The Ceylon India Inn

The Matchcover Storyteller

In the 1970s, midtown Manhattan was not the healthiest or most fun part of New York City to visit.   For instance, you’d belooking for 148 W. 48th Street.   Miss it by maybe just three feet and you were in a topless club, in part of midtown dubbed at the time, “Pornoland”,  

But what you were really looking for was the oldest Indian restaurant in New York and in the United States — The Ceylon India Inn.   Indian restaurants had proliferated in midtown since after the Korean War even as the neighborhood had changed profoundly (it has changed back, I hope you know!)  But in “Pornoland”, visiting this second floor restaurant took you thoroughly away from the seedy streetscape.  At the time, the New York Times called it “ a true gem in the sordid glitter of porno flicks”.

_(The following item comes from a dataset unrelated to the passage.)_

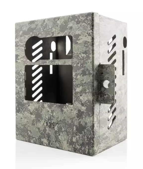 Zeiss Secacam 3 Metallgehäuse Das Metallgehäuse für die Zeiss Secacam 3 Wildkamera bietet zusätzlichen Schutz vor Diebstahl und Vandalismus. Das Gehäuse ist aus Stahl gefertigt und verfügt über präzise geschnittene Öffnungen, die die Funktionen der Kamera nicht beeinträchtigen.

The Ceylon India Inn was founded in 1913, the first south Asian restaurant of any kind in America.  .  It was the passion of K.Yaman Kira, a Ceylonese dancer and circus performer settling down in New York.  It quickly became a gathering place for the south Asian community, but attracted the rest of the population as well.  Through the first half of the 20th century, it was the place for Sinhalese pepper steak, curries, all kinds of chutneys, fried coconuts, and even tamarind win.

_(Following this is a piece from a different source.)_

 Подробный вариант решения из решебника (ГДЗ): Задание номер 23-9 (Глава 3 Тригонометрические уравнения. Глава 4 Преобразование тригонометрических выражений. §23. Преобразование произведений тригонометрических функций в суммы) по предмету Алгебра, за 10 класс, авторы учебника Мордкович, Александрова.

In the 1920s and ‘30s, The Ceylon India Inn was known as an “unusual community center”, a place enjoyed by “grave Indian gentlemen”.   In 1930, it hosted a meeting of the “All-World Gandhi Fellowship” and the Independence League of America to discuss Indian Nationalism.   But by the 1940s, the politics of South Asian independence had shifted to the nearby Rajah Restaurant.   Kira was seen as being too politically broad-minded, too “tolerant”.  For example, in 1936, he hosted a memorial for the late King George V (Emperor of India was one of his titles); it upset other Indians greatly (India finally achieved independence from Britain in 1947)

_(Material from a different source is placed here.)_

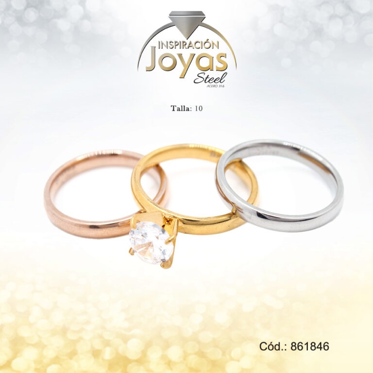 Anillo – Acero – Aros + Solitario – Tres Tonos – Circon Blanco T: 10 – 86184610

Kira in his 60s, sold to a Bengalese owner in the 1950s who renamed it Curry India.  It later reverted to the Ceylon India Inn but around 2014 it became Bombay Masaia (now down in  in the East Village) and eventually closed  — not suddenly, but just with changing times, a changing neighborhood and so on.

Today, the location on W. 49th is certainly noted as the site of the first Indian restaurant in the U.S.   But the restaurants there are successors, rather than any continuation of an original operation..

Two of these matchcovers are almost identical; it’s the manumark that’s different.  These 4 are the only ones I have or have been able to find.